As batch size increases:

  • The steps become slower but more reliable.
  • The direction is better aligned with the true gradient.
  • However, it may get stuck in local minima or overfit small patterns in data.

Intuition: Gradient Variance Decreases With Batch Size

If each individual sample gradient is a noisy estimate of the true gradient, then averaging over \(m\) samples reduces variance:

\[\text{Var}[\hat{g}_\text{mini-batch}] = \frac{\sigma^2}{m}\]

That’s why increasing batch size leads to smoother learning curves.


Simulation: Different Batch Sizes

import numpy as np
import matplotlib.pyplot as plt

np.random.seed(0)
X = np.random.rand(1000)
true_w = 2.0
y = true_w * X + np.random.randn(1000) * 0.2

def train_with_batch_size(batch_size, eta=0.1, epochs=50):
    w = 0.0
    loss_hist = []
    for _ in range(epochs):
        idxs = np.random.choice(len(X), batch_size, replace=False)
        xb, yb = X[idxs], y[idxs]
        grad = 2 * np.mean((w * xb - yb) * xb)
        w -= eta * grad
        loss = np.mean((w * X - y)**2)
        loss_hist.append(loss)
    return loss_hist

loss_1 = train_with_batch_size(batch_size=1)
loss_16 = train_with_batch_size(batch_size=16)
loss_64 = train_with_batch_size(batch_size=64)
loss_256 = train_with_batch_size(batch_size=256)

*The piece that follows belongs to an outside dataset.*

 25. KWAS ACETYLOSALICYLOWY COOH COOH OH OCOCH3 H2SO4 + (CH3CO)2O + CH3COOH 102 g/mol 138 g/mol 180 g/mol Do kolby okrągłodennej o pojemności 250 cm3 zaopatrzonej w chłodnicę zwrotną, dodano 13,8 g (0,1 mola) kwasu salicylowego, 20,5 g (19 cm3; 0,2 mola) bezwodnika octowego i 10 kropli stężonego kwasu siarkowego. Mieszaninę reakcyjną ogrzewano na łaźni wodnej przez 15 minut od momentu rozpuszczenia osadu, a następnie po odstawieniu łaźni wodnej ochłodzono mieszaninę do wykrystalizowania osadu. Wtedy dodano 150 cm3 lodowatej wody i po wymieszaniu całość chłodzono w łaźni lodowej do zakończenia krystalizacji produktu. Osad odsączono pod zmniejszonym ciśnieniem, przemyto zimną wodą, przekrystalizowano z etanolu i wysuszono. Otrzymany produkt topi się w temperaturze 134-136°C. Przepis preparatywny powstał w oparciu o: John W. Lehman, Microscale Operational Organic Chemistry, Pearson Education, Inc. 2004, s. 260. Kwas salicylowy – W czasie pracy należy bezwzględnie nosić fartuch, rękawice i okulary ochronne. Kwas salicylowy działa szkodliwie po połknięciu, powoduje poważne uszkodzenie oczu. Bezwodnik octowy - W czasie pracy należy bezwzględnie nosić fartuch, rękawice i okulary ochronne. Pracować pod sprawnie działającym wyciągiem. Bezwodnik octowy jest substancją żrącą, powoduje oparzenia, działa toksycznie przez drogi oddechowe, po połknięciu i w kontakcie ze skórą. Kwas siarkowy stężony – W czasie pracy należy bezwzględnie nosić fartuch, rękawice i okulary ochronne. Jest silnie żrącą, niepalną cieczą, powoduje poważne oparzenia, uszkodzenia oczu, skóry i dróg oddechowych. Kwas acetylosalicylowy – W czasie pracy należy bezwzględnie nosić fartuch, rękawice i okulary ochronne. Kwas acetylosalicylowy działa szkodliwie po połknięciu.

plt.figure(figsize=(10, 6))
plt.plot(loss_1, label='Batch Size = 1')
plt.plot(loss_16, label='Batch Size = 16')
plt.plot(loss_64, label='Batch Size = 64')
plt.plot(loss_256, label='Batch Size = 256')
plt.xlabel('Epoch')
plt.ylabel('Loss')
plt.title('Impact of Batch Size on Convergence')
plt.legend()
plt.grid(True)
plt.show()
  • Small batch sizes show more fluctuation, but sometimes drop faster.
  • Larger batches converge more smoothly but may slow down or plateau earlier.

Wrapping Up

This post explored the foundational techniques of first-order optimization, focusing on the gradient-based algorithms that underpin nearly all of modern machine learning.

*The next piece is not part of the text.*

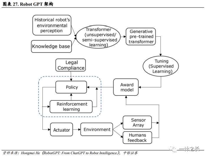 RobotGPT与ChatGPT技术路径相似,生成模型有望加快Robot GPT进程。Robot GPT不需人类编程,只需人类用自然语言的方式来进行记录。根据《RobotGPT: From ChatGPT to RobotIntelligence》,RobotGPT框架图思路类似于ChatGPT:ChatGPT的原理可理解为文字-文字的接龙,而Robot GPT原理是文字/语言/各类传感器接收的信号-动作接龙,两者皆是通过深度学习和强化学习构建端对端AI大模型。

We began with vanilla Gradient Descent (GD)—the classic method that moves in the direction of the steepest descent. While conceptually simple and mathematically elegant, GD can become inefficient on large datasets, especially when the loss surface varies dramatically in scale across dimensions.

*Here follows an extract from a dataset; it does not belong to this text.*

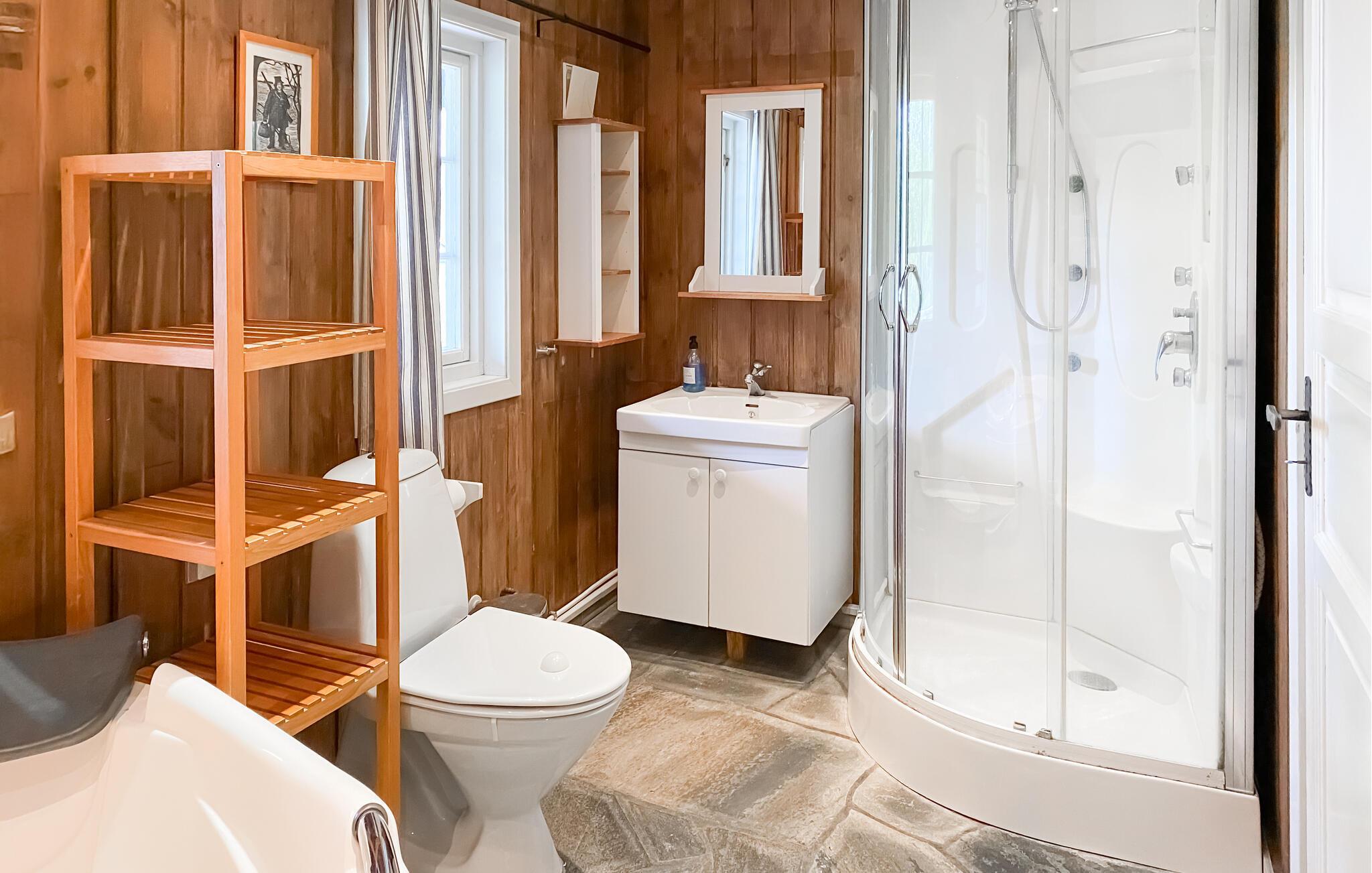 Badezimmer (nr. 1) - WC. Warmes und kaltes Wasser. Dusche und Badewanne

To address these limitations, we turned to Stochastic Gradient Descent (SGD) and its generalization, Mini-batch SGD. These methods allow training on high-dimensional, large-scale datasets by computing gradients on a subset of the data. This introduces noise in each update, but enables significantly faster iterations. The balance between update variance and computational cost became a central theme—and we saw how the choice of batch size directly shapes this trade-off.

We then moved to Momentum and Nesterov Accelerated Gradient (NAG)—two techniques designed to overcome the slow, unstable convergence behavior seen in steep or ill-conditioned landscapes. Momentum injects memory into the update process, accumulating past gradients to maintain direction across flat or noisy regions. NAG takes this a step further, computing gradients at a “lookahead” position to reduce overshooting and improve convergence efficiency.

To manage learning dynamically over time, we introduced learning rate schedules—linear decay, step decay, and cosine annealing. These help navigate the competing needs of early-stage exploration and late-stage precision, giving models the speed to move fast initially and the control to converge carefully.

Throughout the post, we applied these ideas to concrete settings like linear regression, exploring how each optimizer behaves in different regimes: clean vs noisy data, dense vs sparse features, and low- vs high-dimensional inputs. We observed how SGD’s stochasticity can both hurt and help, and how momentum-based methods often shine in sparse or directional settings where gradient signals are weak and inconsistent.

In short, while all these techniques ultimately aim to minimize the same loss, they do so with different biases, behaviors, and trade-offs. Understanding these differences—both in theory and through hands-on experimentation—is critical to building models that not only train efficiently, but also generalize well.